IPMSM can prevent the scattering of PMs in high speed and use reluctance torque caused by the difference of magnetic resistance as well as magnetic torque. Because of high speed and high efficiency of IPMSM, it is used in various field such as EV motors, industrial machine tools, and home appliances.
IPMSM can be classified by its PM arrangement and various shape. Among various model of IPMSM, IPMSM with v-shape PM has advantage of high torque and high output in comparison with flat-type PM because the magnetic flux increases as PM cross-sectional area increases. However, IPMSM has the disadvantage of cogging torque that affects torque ripple and noise. Also, optimization of the objective function is difficult because of many design variables and the complicated shape of the rotors in IPMSM.

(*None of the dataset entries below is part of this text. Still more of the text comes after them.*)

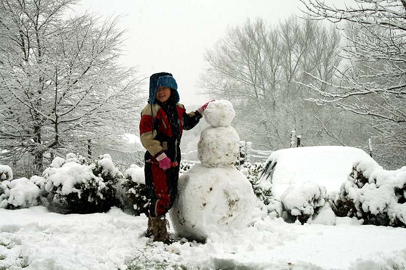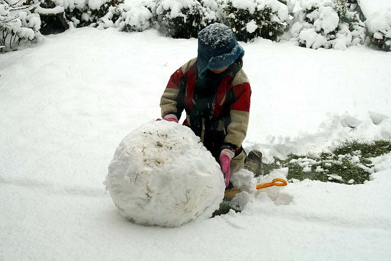 샤론이는 생각보다 훨씬 큰 눈사람을 만들었습니다.
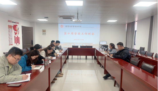 2025年11月4日上午,九游体育官方网站在行政楼725会议室召开本学期第十周学团工作例会。会议由院长吴玲主持、团总支书记王绎程及全体辅导员参加。
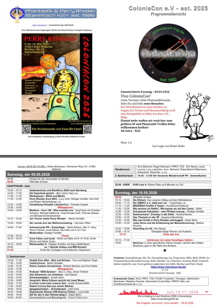 Ich, RAZ, wünsche dem ColoniaCon e.V. für die nächsten Cons: Viele Glück und eine vorausschauende Planung und nicht verzagen… (01/2026)
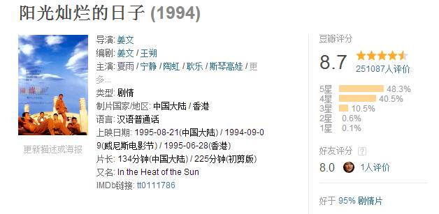 事件回到1994年,由夏雨和宁静主演的电影《阳光灿烂的日子》是姜文导演的处女作,这部作品豆瓣评分高达8.7分,许多影迷都认为这是姜文最好的一部导演作品。
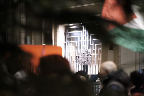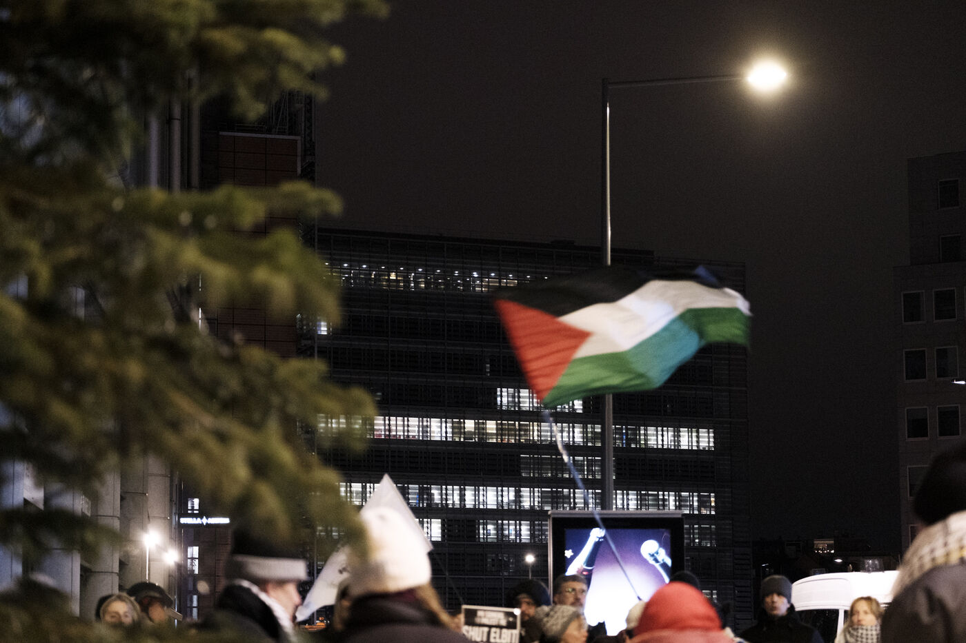 Pro-Palestine demonstration in front of the British Embassy in support of the Palestine Action group hunger strikers known as the Filton 24, imprisoned in England under the Terrorism Act. Brussels, Belgium. December 23, 2025.
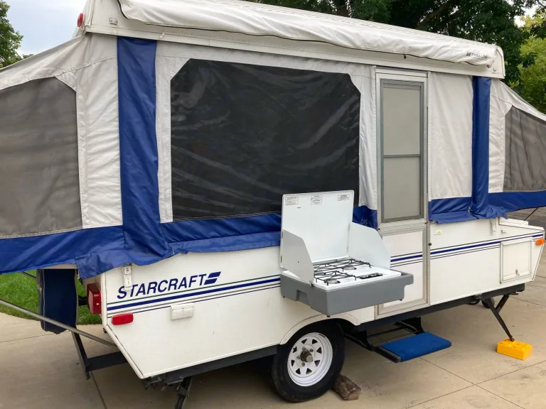 Don't worry if you are new to towing a tent trailer.This 2001 Starcraft folding camper is perfect to tow behind smaller vehicles. If you vehicle can handle up to 2000 pounds you’ll be well on your way. (see other requirements)‘Lil Betty has everything you’ll need to enjoy a weekend of camping without leaving all the comforts of home behind.Don't like camp cooking? Get a site with electricity and plug in the microwave.There is nothing more enjoyable than a cup of coffee next to the fire on a cool camp morning. Forget the camp host coffee and brew your own - 'Lil Betty has a plug in coffeepot. It’s a drip coffee pot and we have filters so just bring your favorite ground coffee.You don't have to camp like a Marine with 'Lil Betty.What's includedCoffee pot, and refrigerator (you'll need to have an electrical site).Two camp chairs. Not real fancy but they’ll work.Roadside Kit (tire pump, jack, wrench, first aid kit, small tool kit, spare tire, fire extinguisher)Store your items in 'Lil Betty's front compartment. This unique feature will provides a place to pack a few more comforts from home.The cost of propane is included in the rental price.Give 'Lil Betty spin and you'll be back again!RecommendationsWhitewater State Park - 30 miles from pick up siteThis our favorite camping spot close to
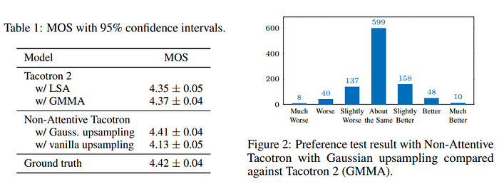 제안 방법이 Tacotron2의 성능과 거의 유사함.

The random walk method is an optimization technique which improves the approximation to approach the optimal point from the preceding approximation by using random number for nonlinear function. It can be applied to case where the objective function is discontinuous at some point or non-differential, in which the relationship between the function value and variables is difficult to be explained.
The simplex method is an optimization technique to move the simplex gradually toward the optimal point by comparing the value of the objective function at each vertex of the simplex model formed by the set of n+1 points in an n-dimensional space. The movement of the simplex is performed by using reflection, expansion, and contraction. Simplex method has quick and efficient convergence of design variables than random walk method. However, design variables may converge to local (not global) optimum and whether finding of the global optimum is affected by initial simplex location and its volume or shape. Also, the random walk method takes a lot of iteration and may converge to local optimum in bad case because it depends on randomness or probabilities. Because these methods have their own disadvantages, this paper proposes a combination of two existing methods (random walk and simplex) that overcomes the limitation of each method and the optimal shape design of V-shape IPMSM using random walk and simplex method for minimizing cogging torque. The validity of our optimization technique can be confirmed by comparing cogging torque of the basic model and the optimized model. Random walk and simplex method is thought to be useful in designing electric machines which have complicated shapes and objective function difficult to be estimated.